Al D’Amato: Poor Mark Green. My heart breaks for him! Mark was devastated. Laughs He feels so badly about the mayor’s health!
E.K.: There are four candidates preparing to run for mayor in 2002: Mark Green, Alan Hevesi, Freddie Ferrer, and Peter Vallone. I’ve worked with every one of them. I’m friends, to different degrees, with all of them. But I believe that Peter is the best of the bunch. He got the City Council to work as a unit. Even I could never do that! Laughs Vallone’s made the council a powerful institution, and he’s made a lot of friends. It’s going to be close, but Peter will prevail.
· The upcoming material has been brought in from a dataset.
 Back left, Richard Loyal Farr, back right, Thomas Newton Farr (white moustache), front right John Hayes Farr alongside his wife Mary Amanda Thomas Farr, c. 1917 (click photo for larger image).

M.R.: Do you have any horses in this race, Senator?
A.D.: I have no horse in this race. Actually, Republicans will be lucky to hook a donkey for this race! Although former police commissioner Bill Bratton has been hinting he might run. He’d be strong.
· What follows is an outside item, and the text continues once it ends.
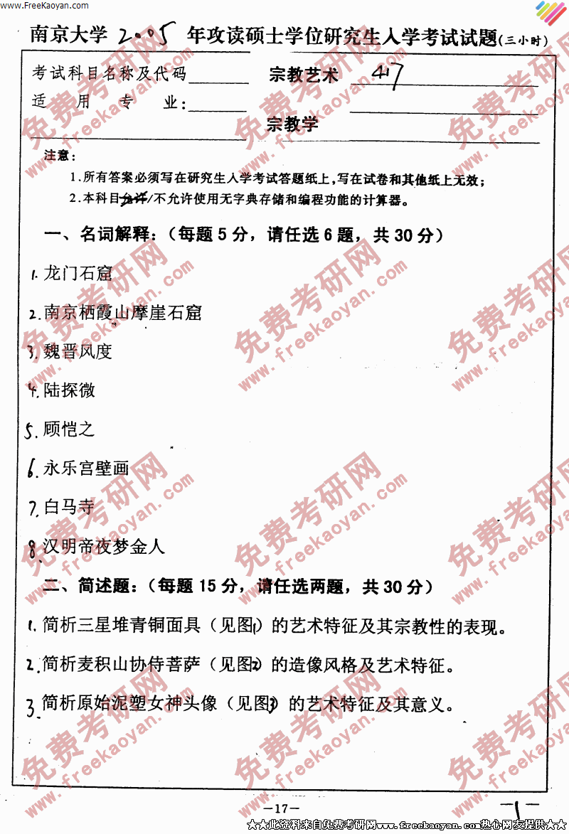 专业课半岛在线注册经验 本站小编 FreeKaoyan 2018-01-22南京大学2005年半岛在线注册真题-中外美术史

M.R.: Will you be onboard?
A.D.: I’m reserving my options. If he can raise enough money, Bratton would be formidable. But it all depends upon what happens in the Democratic primary. Each one of the Democrats brings something to the table. But none of them can get close to 40 percent of the vote. There will have to be a runoff.
M.R.: Speaking of pick-’em races: As of today’s polls, Lazio and Hillary are dead even.
A.D.: I told you so, both of you! I predicted that Lazio would come within single digits of Hillary, and I said he would do it three weeks after the convention. It’s no surprise. Lazio’s a more formidable candidate than Giuliani, because he doesn’t generate the antagonism that Rudy or Hillary do.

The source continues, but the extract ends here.